For the three months ended March 31, 2023, we had a net income of $1,984,386, which consists of operating costs of $328,442 offset by interest income on investments held in the Trust Account of $2,312,828.
For the three months ended March 31, 2022, we had a net loss of $293,903, which consists of operating costs of $315,541 offset by interest income on investments held in the Trust Account of $21,638.
Liquidity and Capital Resources
On August 24, 2021, we consummated the Initial Public Offering of 20,000,000 Units at $10.00 per Unit, generating gross proceeds of $200,000,000 as described in Note 3 to the condensed financial statements. Simultaneously with the closing of the Initial Public Offering, we consummated the sale of 4,666,667 Private Placement Warrants at a price of $1.50 per Private Placement Warrant in a private placement transaction to the Sponsor, generating gross proceeds of $7,000,000 as described in Note 4 to the condensed financial statements.
On September 3, 2021, the Company consummated the sale of 1,487,039 Units pursuant to the underwriters’ exercise of their 45-day over-allotment option to purchase up to an additional 3,000,000 Units (the “Over-Allotment Units”). Such Over-Allotment Units were sold at $10.00 per Unit, generating gross proceeds of $14,870,390. Substantially concurrently with the closing of the sale of the Over-Allotment Units, the Company consummated the private sale of an additional 198,272 Private Placement Warrants at a purchase price of $1.50 per Private Placement Warrant to the Sponsor, generating gross proceeds of $297,408 (together with the sale of the Over-Allotment Units, the “Over-Allotment Closing”).

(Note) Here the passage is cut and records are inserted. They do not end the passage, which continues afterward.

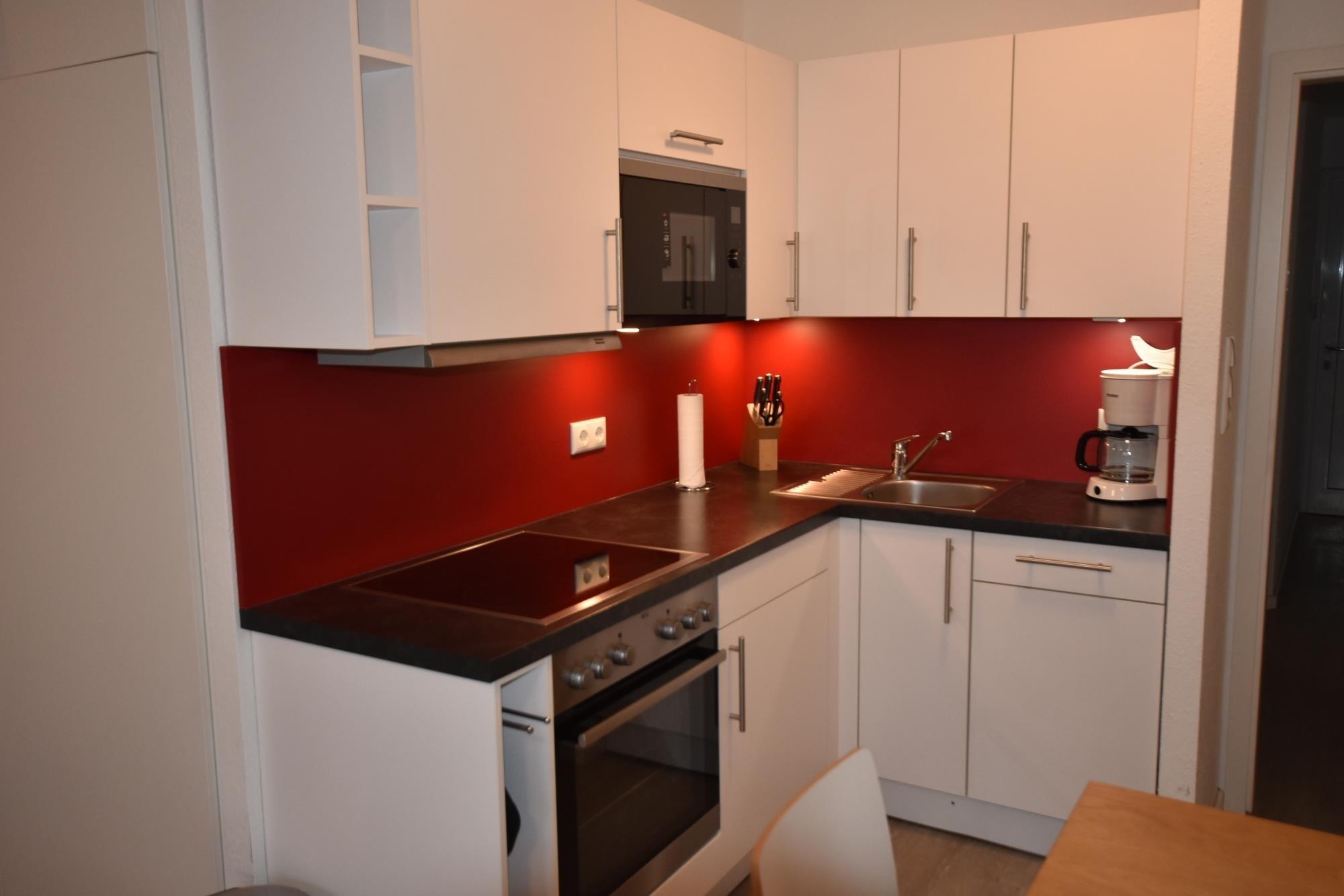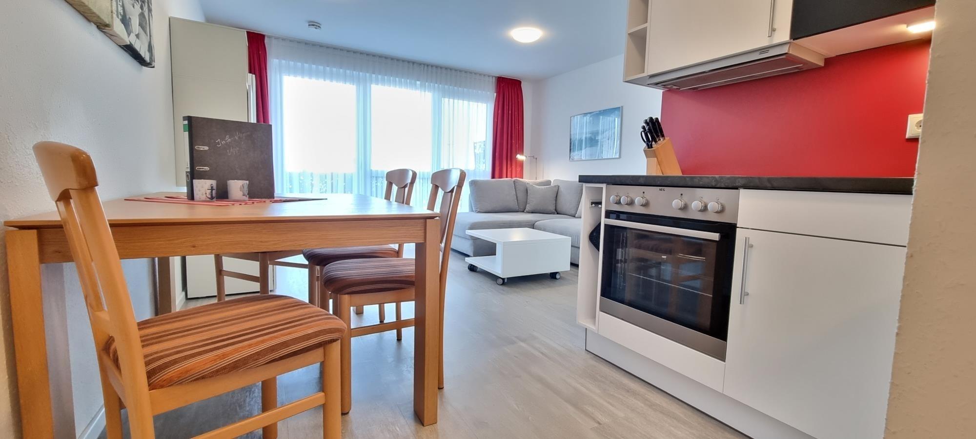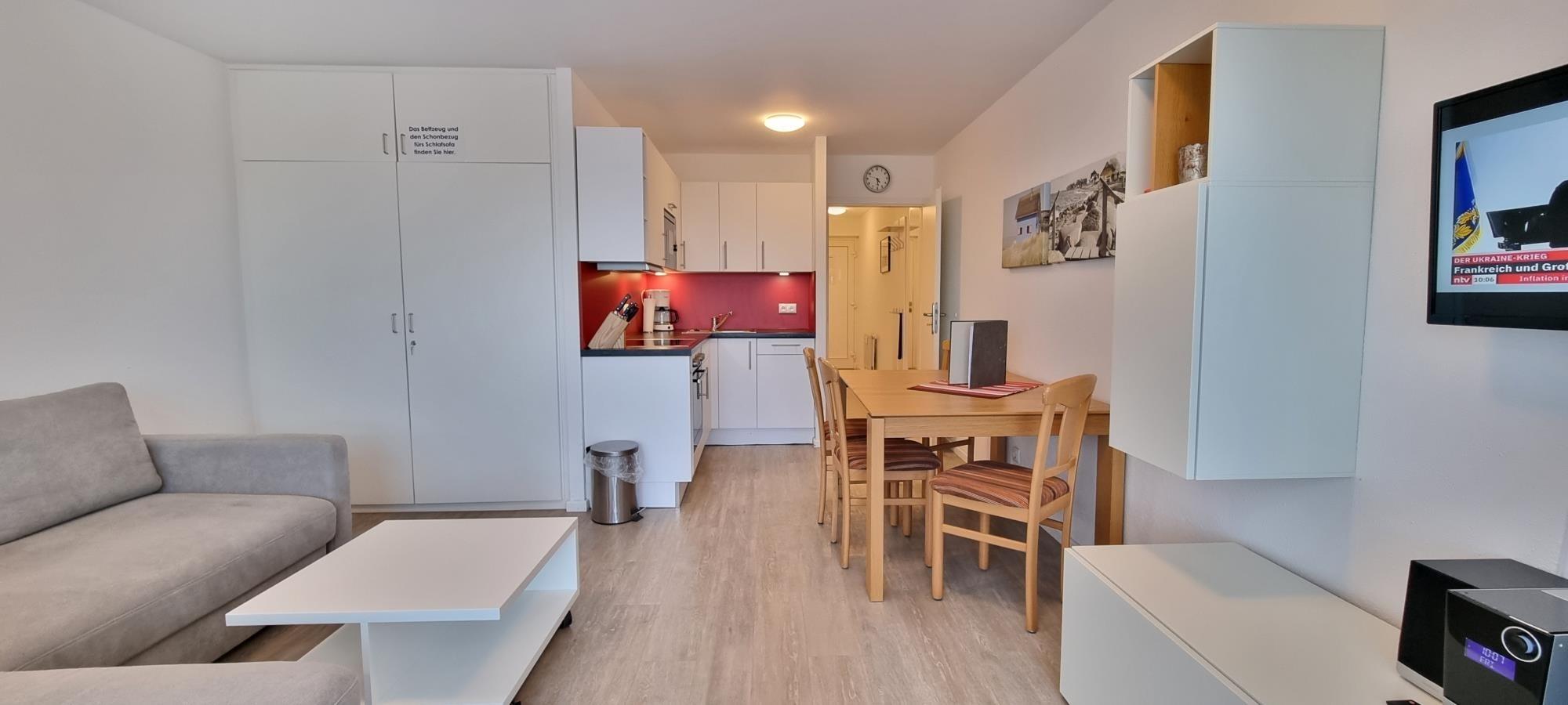 Im hellen Wohn- und Essbereich finden Sie eine gut ausgestattete Küchenzeile, einen Esstisch sowie ein bequemes Schlafsofa, das zwei zusätzliche Schlafplätze bietet. Das separate Schlafzimmer ist mit einem gemütlichen Doppelbett und einem geräumigen Kleiderschrank eingerichtet – ideal für längere Aufenthalte. Die funktional eingerichtete Küche bietet alles was Sie für eine Selbstversorgung benötigen.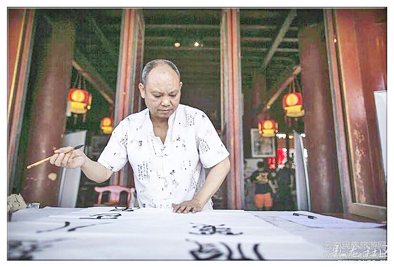 包繼平書法院剛在大觀樓外不遠(yuǎn)處開張,包公31代嫡孫包繼平最拿手的就是包氏書法“五味墨子”,據(jù)說這門技藝在書法界是唯包家所獨(dú)有的。
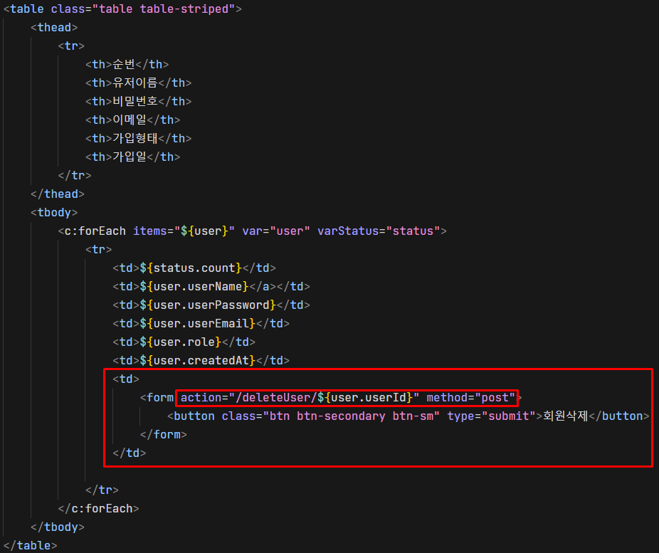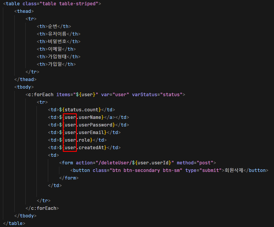 model 객체에 담은 userList를 JSP 뷰에 가져와 사용하였다!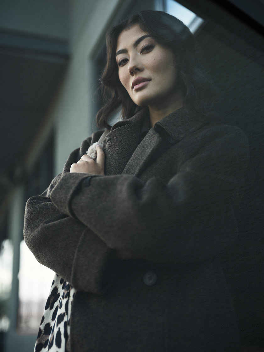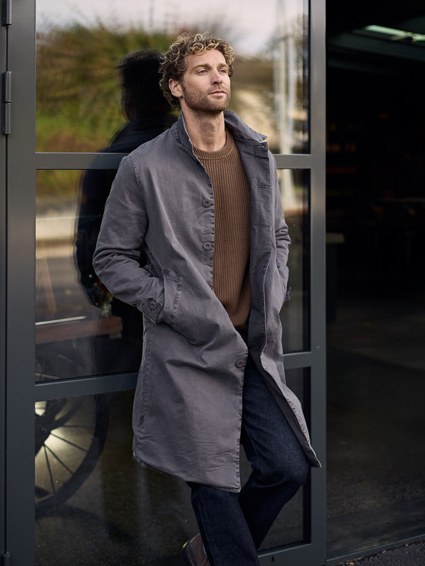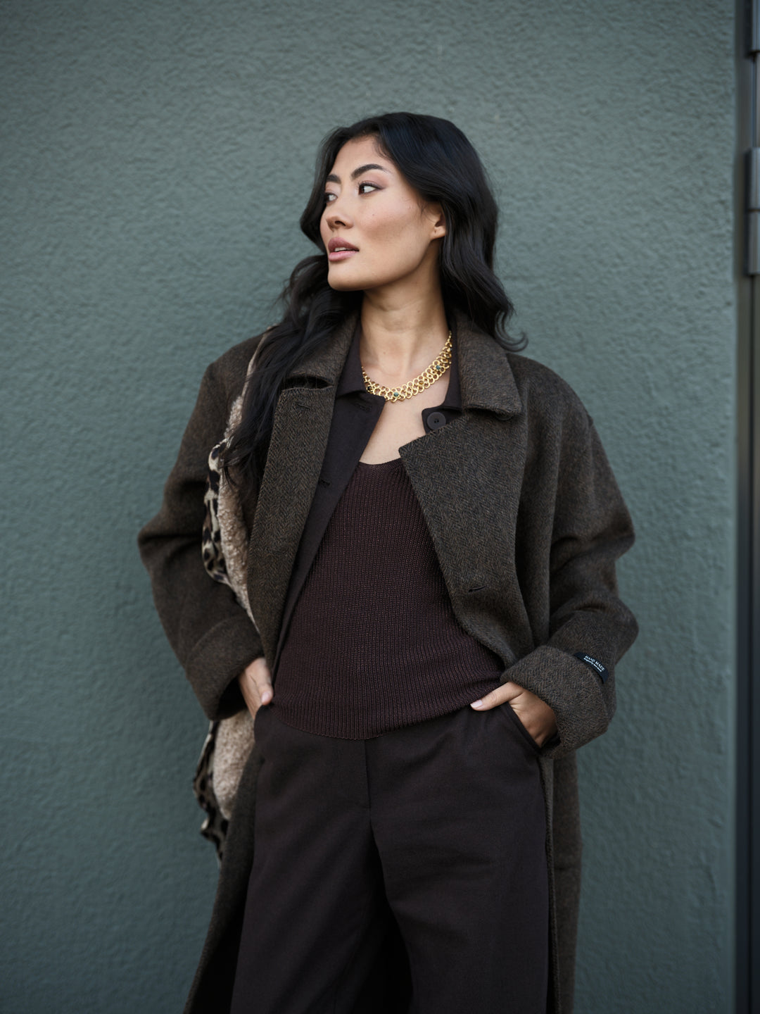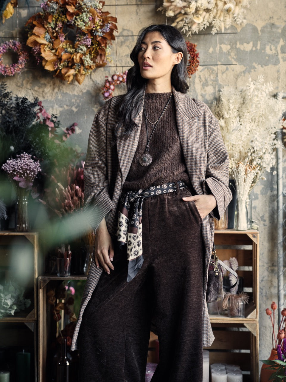 Ein monochromer Look, der zeigt, wie modern Festtagsmode sein kann: Dunkle Brauntöne, edler Strick und ein klassischer Mantel wirken in Kombination ruhig und elegant. Die weite Hose sorgt für Komfort, das Stricktop mit Lurex-Faden für den nötigen Glam.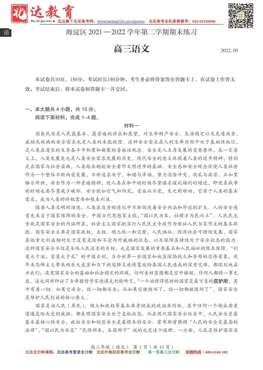 2022年北京海淀区高三二模考试已开始,二模在形式和题量上更接近高考,因此同学们要格外重视,为了方便同学们下载复习,北京高考复读学校跟进相关试题,详情如下。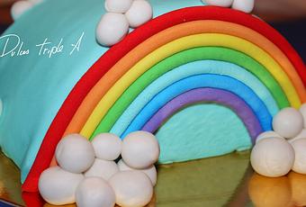 - Necesitaremos fondant celeste, para cubrir la tarta, blanco para hacer las bolitas en forma de nubes y rojo, naranja, amarillo, verde, celeste o índigo, azul y violeta.

Following the Initial Public Offering, the sale of the Private Placement Warrants and the Over-Allotment Closing, a total of $214,870,390 was placed in the Trust Account. We incurred $12,432,293 in costs related to the Initial Public Offering, consisting of $4,297,408 of underwriting fees, $7,520,462 of deferred underwriting fees and $614,423 of other offering costs.
For the three months ended March 31, 2023, cash used in operating activities was $98,706. Net income of $1,984,386 was affected by interest earned on investments held in the Trust Account of $2,312,828 and changes in operating assets and liabilities provided $229,736 of cash for operating activities.
For the three months ended March 31, 2022, cash used in operating activities was $44,805. Net loss of $293,903 was affected by interest earned on investments held in the Trust Account of $21,638 and changes in operating assets and liabilities provided $270,736 of cash for operating activities.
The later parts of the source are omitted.